Elle fit signe à Jonathan de s'approcher, ce qu'il fit. Elle posa tendrement sa main sur la joue de son neveu. Elle sourit mélancoliquement, avant de poursuivre :

« Nous savons tous à quel point le métier que tu souhaites exercer est difficile et dangereux... Chaque jour, tu devras faire face à la mort. Cependant, je sais que c'est une voie qui te tient à cœur, alors, je ne peux m'y opposer... Mais promets-moi juste... promets-moi juste que tu reviendras toujours en vie... Il ne me reste plus que toi. Je ne supporterai pas de te perdre... »

Les joues de Mary se mouillèrent. Jonathan les sécha affectueusement et affirma, conscient de ce que ses futures décisions impliqueraient :

« Je te le promets... Un jour viendra, où nous pourrons vivre ensemble en paix... Je donnerai tout ce que j'ai pour ça. »

Car c'était l'ultime souhait de sa défunte bien aimée.

Jonathan savait que pour atteindre son but, il devrait assassiner des hommes, des femmes, des enfants... dont certains seraient volontairement des crapules, et d'autres, des individus déjà, ou futurs prisonniers de cette spirale infernale qu'étaient leurs pulsions. Sa mission était de mettre un terme à tout cela.

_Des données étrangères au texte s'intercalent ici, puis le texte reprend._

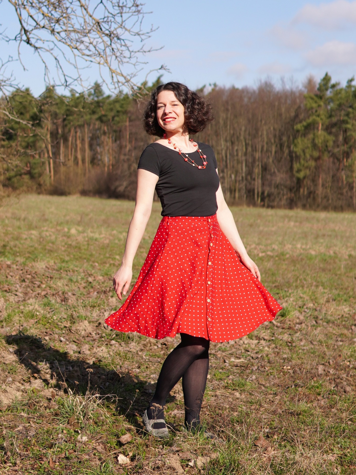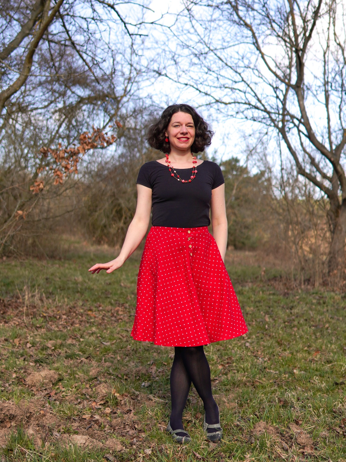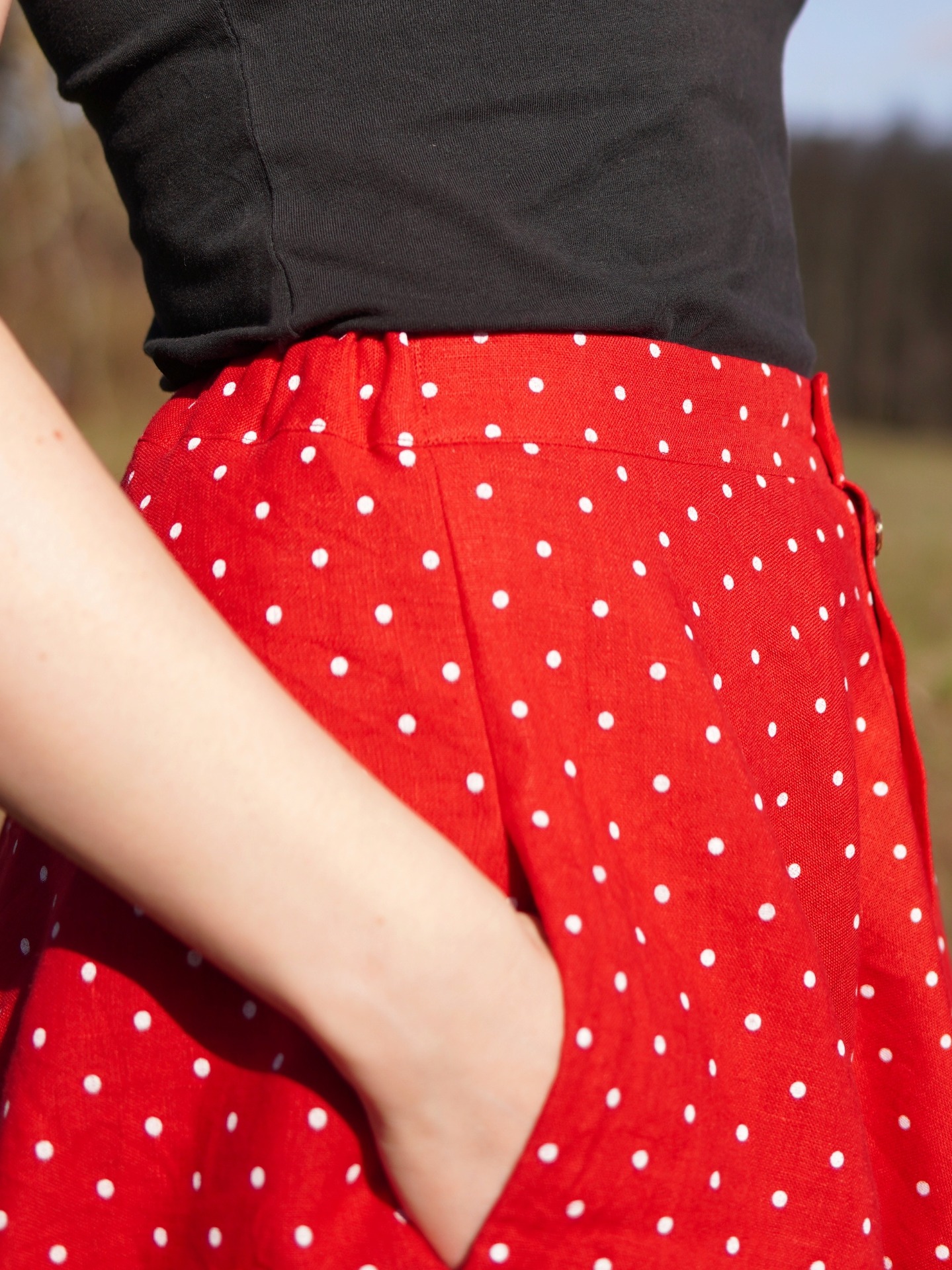 Půlkolová propínací sukně - červené puntíky

Néanmoins, une telle tâche allait à l'encontre de sa nature. Il devait se forger mentalement pour ça. Après de longs mois d'entraînement, tant bien physique que psychologique, il finit par arriver à la conclusion que pour accomplir sa mission, il devait jouer un rôle, comme Eva. Il décida de créer un personnage.

C'est ainsi que naquit J.

J. est un humain qui éprouve une haine infinie envers les nigh, et dont le seul but est de les exterminer.

Jonathan décida d'abandonner son humanité et épousa le rôle de J. Il était dorénavant prêt à commettre les pires horreurs pour atteindre son but.

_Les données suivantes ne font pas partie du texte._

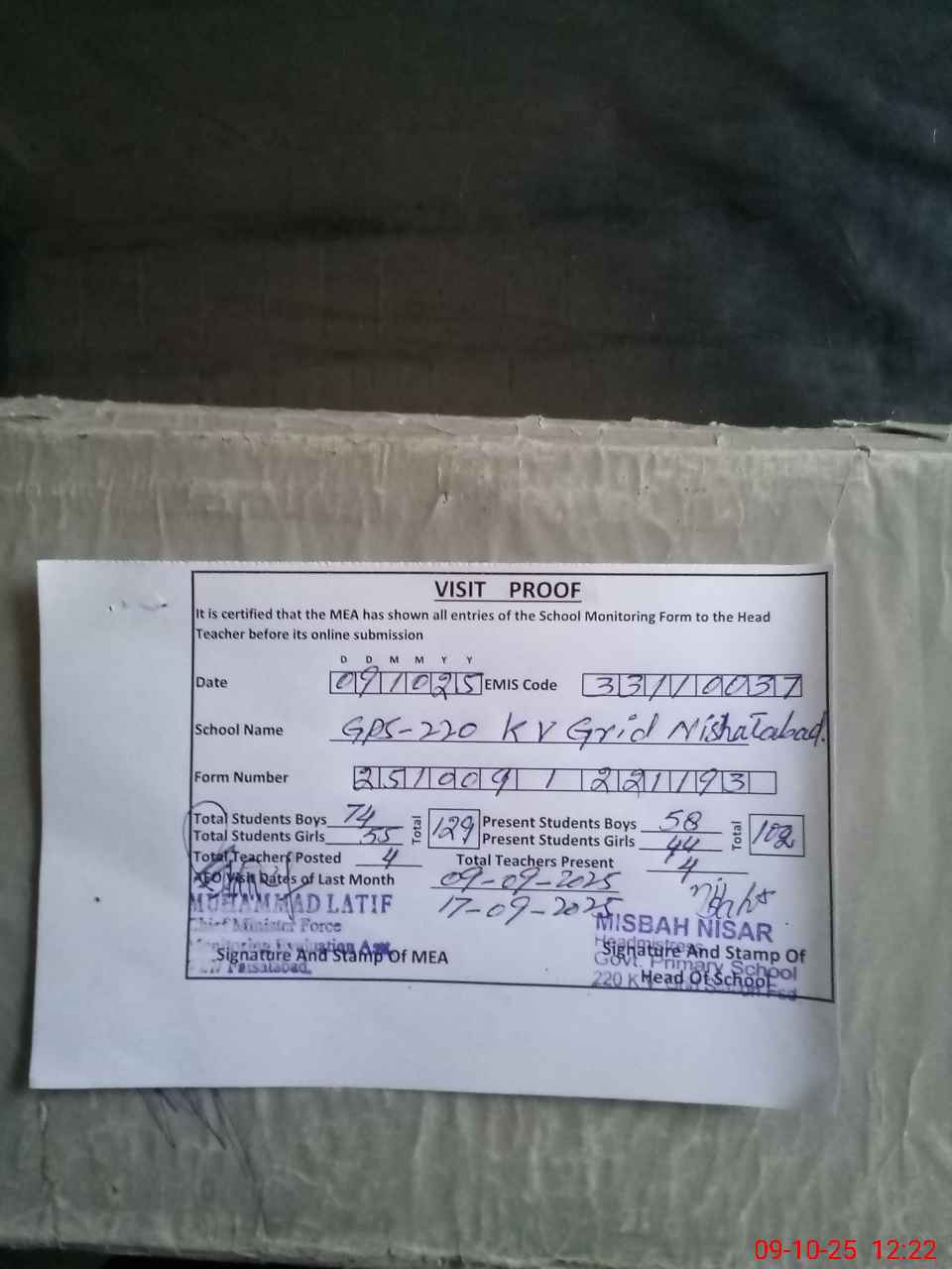 | Certified that this School was Inspected by the Undersigned MEA/DMO Today and the Information Stated Above is as Per Record. | |||||

À dix-huit ans, il intégra la brigade. L'homme qui lui avait parlé du Drive, actuellement à la tête de l'organisation, fut impressionné par sa volonté, plus flamboyante que jamais.

Jonathan frôla la mort à plusieurs reprises, cependant, sa détermination lui permettait de toujours venir à bout de ses adversaires.

C'était évident qu'il avait un talent remarquable. À dix-neuf ans, il était déjà un membre très redouté de la brigade et portait le chiffre trois.

Il devint par la suite chef des unités de patrouille et bras droit du maître de l'organisation, qui avait une confiance totale en lui.

***

Cependant, Jonathan n'est pas un bon comédien. Il arrive que sa réelle personnalité et J. se croisent dans son esprit, ce qui donne lieu à des conversations étranges où il crache sa haine des nigh, sans pour autant montrer le moindre signe de répulsion. Au lieu d'éliminer son adversaire sans réfléchir, il tente de discuter avec lui pour essayer de le comprendre.

Néanmoins, au final, toutes ses cibles finissent par être assassinées. Car, afin que sa tante puisse un jour vivre en paix, et que les pulsions destructrices des nigh ne fassent plus de victimes, Jonathan et J. ne reculeront devant rien.

***

« Tu sais désormais qui je suis, termine Jonathan.

— Alors, en fait... tu fais tout ça pour nous libérer de nos pulsions... ? conclut Cammy, d'un sourire triste.

— Je te l'ai déjà dit, conteste-t-il, n'essaie pas de trouver une excuse à mes actes. Je suis une pourriture qui agit de façon égoïste. »

Toujours le sourire aux lèvres, Cammy devient de plus en plus transparente, jusqu'à disparaître.

J. ouvre brusquement ses yeux. Il a l'impression d'être sorti d'un long rêve.

Face à lui, se tient à peine debout Cammy, les larmes aux yeux. Elle semble avoir réellement vécu ses souvenirs, et ressenti toute la douleur qu'il éprouvait.

Jonathan ne faisait pas que raconter un monologue, et encore moins rêver.